-3

Let's say I have a List of items in which look like this:

Number Amount
1      10
2      12
5      5
6      9
9      4
10     3
11     1

I need it so that the method takes in any number even as a decimal and use that number to group the list into ranges based on that number. So let's say my number was 1 the following output would be...

Ranges Total
1-2    22
5-6    14
9-11   8

Because it basically grouped the numbers that are 1 away from each other into ranges. What's the most efficient way I can convert my list to look like the output?

Ken White
  • 123,280
  • 14
  • 225
  • 444
Joe
  • 429
  • 1
  • 5
  • 9
  • When you say `group the list into ranges based on that number` do you mean you want to specify the size of each grouping? – Corey Apr 11 '21 at 23:50
  • Not really the size as you can see from the example above 9-11 is 3 numbers but the number is 1. They are grouped because they are 1 away from each other. Hope that makes sense. – Joe Apr 11 '21 at 23:53
  • You want to partition the input based on the difference between `Number` values in successive rows, then sum those partitions? With an input that gives the largest allowed gap? – Corey Apr 11 '21 at 23:57
  • Yes Corey exactly – Joe Apr 11 '21 at 23:57
  • What happens if you have a bunch of consecutive numbers `13 14 15 16 17` how do you group them? – Charlieface Apr 12 '21 at 00:17
  • Does this answer your question? [LINQ query — Data aggregation (Group Adjacent)](https://stackoverflow.com/questions/14879197/linq-query-data-aggregation-group-adjacent) – Self Apr 12 '21 at 09:42

1 Answers1

1

There are a couple of approaches to this. Either you can partition the data and then sum on the partitions, or you can roll the whole thing into a single method.

Since partitioning is based on the gaps between the Number values you won't be able to work on unordered lists. Building the partition list on the fly isn't going to work if the list isn't ordered, so make sure you sort the list on the partition field before you start.

Partitioning

Once the lists is ordered (or if it was pre-ordered) you can partition. I use this kind of extension method fairly often for breaking up ordered sequences into useful blocks, like when I need to grab sequences of entries from a log file.

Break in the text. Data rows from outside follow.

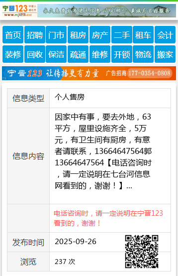 因家中有事,要去外地,63平方,屋里设施齐全,5万元,有卫生间有厨房,有意者请联系,13664647564郭13664647564 【电话咨询时,请一定说明在七台河信息网看到的,谢谢!】 |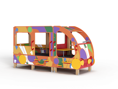 Автобус состоит из двух площадок в виде кабины и кузова с бортовыми фанерными ограждениями иммитирующих детали автобуса с художественным оформлением в стиле граффити. Кабина имеет вход с двух сторон, по две ступеньки и по две ручки с каждой стороны, вращающийся руль и сидение. Кузов - площадка, имеющая один вход и скамейки внутри. У входа в кузов установлены три ступеньки и две ручки.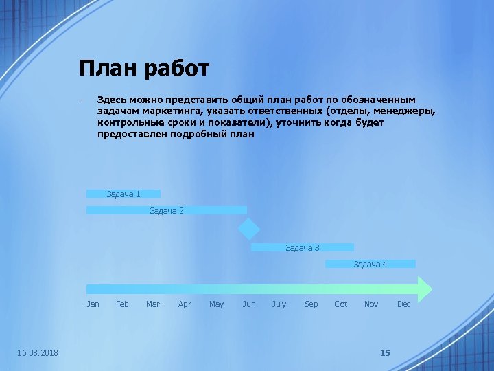 План работ - Здесь можно представить общий план работ по обозначенным задачам маркетинга, указать ответственных (отделы, менеджеры, контрольные сроки и показатели), уточнить когда будет предоставлен подробный план Задача 1 Задача 2 Задача 3 Задача 4 Jan 16. 03. 2018 Feb Mar Apr May Jun July Sep Oct Nov Dec 15

public static partial class Ext
{
    public static IEnumerable<T[]> PartitionStream<T>(this IEnumerable<T> source, Func<T, T, bool> partitioner)
    {
        var partition = new List<T>();
        T prev = default;
        foreach (var next in source)
        {
            if (partition.Count > 0 && !partitioner(prev, next))
            {
                new { p = partition.ToArray(), prev, next }.Dump();
                yield return partition.ToArray();
                partition.Clear();
            }
            partition.Add(prev = next);
        }
        if (partition.Count > 0)
            yield return partition.ToArray();
    }
}

The partitioner parameter compares two objects and returns true if they belong in the same partition. The extension method just collects all the members of the partition together and returns them as an array once it finds something for the next partition.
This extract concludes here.